Kang adds that the Middle District is also where constitutional challenges to Alabama state laws are heard: “Just last month, a judge in the Middle District ruled that two Alabama laws that would have severely restricted abortion access are unconstitutional.” This is why the Trump administration may aim to put the least-experienced candidates in the positions that will hear “the most political and consequential cases,” writes Kang. “President Trump once again has prioritized an ideological rubber stamp over everything else, including his own initial pick.”

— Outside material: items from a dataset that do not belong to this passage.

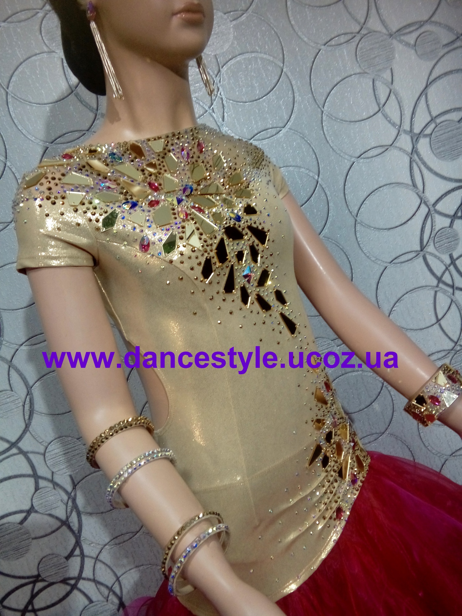 Золотая латина с зеркалами. Бифлекс "золотой песок", органза и много много страз, зеркал. Пока расклеила да пришила все, думала ослепну, два дня ничего шить не могла. Манекен на парочку размеров меньше нужного и в росте.. примерно на 15см девочка выше.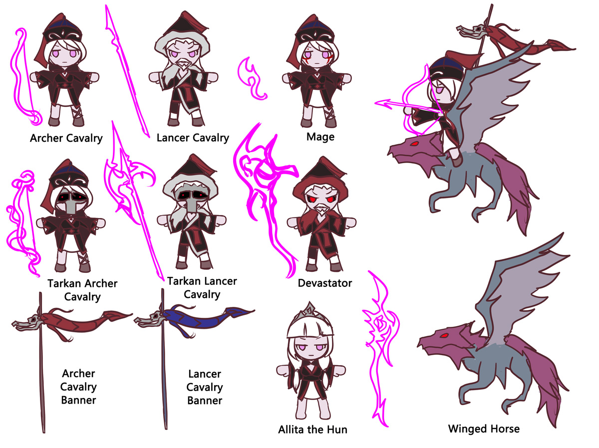 实际游戏里出现的是弓骑兵和枪骑兵,背后背着龙旗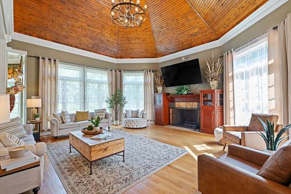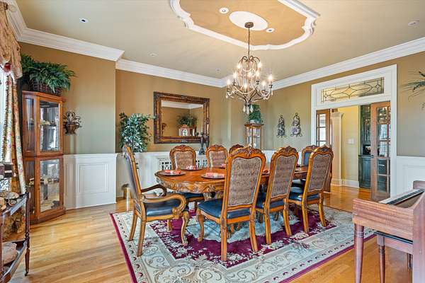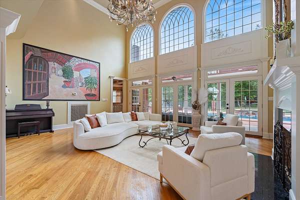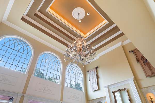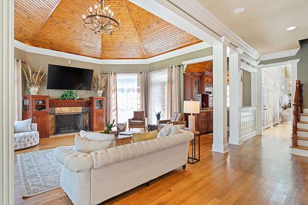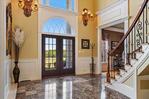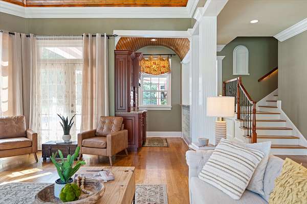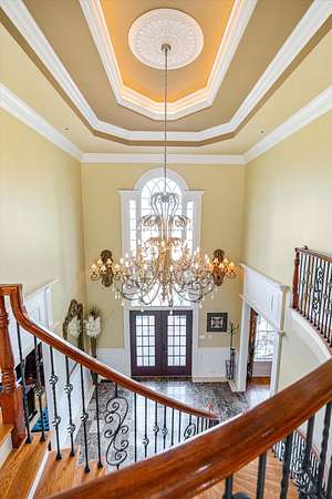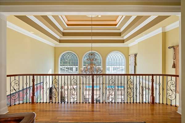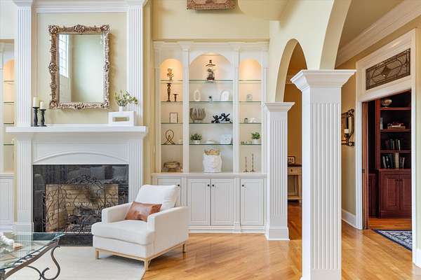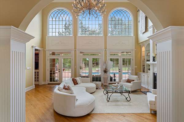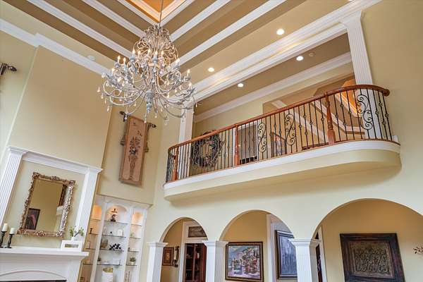 Spanning nearly 6,000 square feet, this remarkable home showcases exceptional craftsmanship and elegant design throughout. Soaring 25-foot ceilings create a grand first impression, while intricate crown molding, graceful arches, and stately columns add timeless sophistication to every room.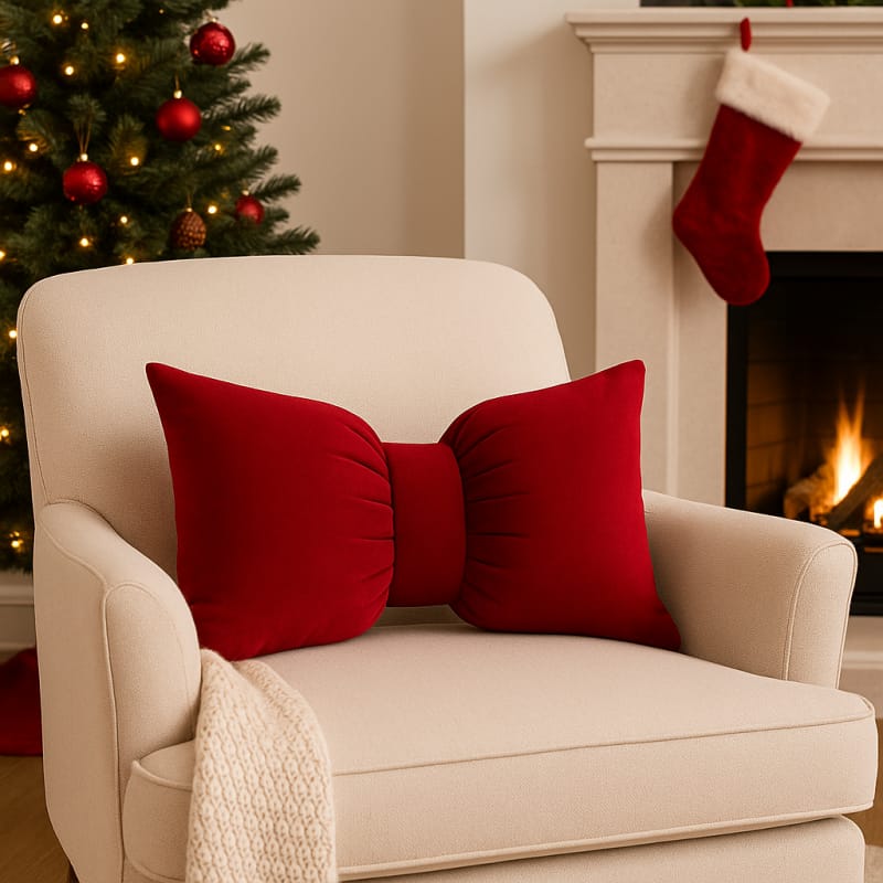 Aksamitna poduszka dekoracyjna, czerwona kokarda duża, 30x50 cm PDS23

Vox totals 145 federal court vacancies, including 137 in the US Courts of Appeals and the District of Courts. With 47 nominees already named, the Trump administration is moving quickly. Talley is not the first questionable nominee, and he won’t be the last as BillMoyers.com reported last summer. Democrats won’t be able to filibuster unqualified nominees because Sen. Harry Reid (D-NV) moved to limit the filibuster for lower-court judicial picks in retaliation for partisan gridlock during the Obama years.
The federal judiciary is also aging. According to an analysis by Ballotpedia, by the end of 2020 just over half of the district and appeals court seats will be filled by Trump, vacant or held by a judge who is ready to retire. Any balance in the make up of our judiciary is eroding quickly. Call it a political horror story, but Brett Talley is by no means its main character.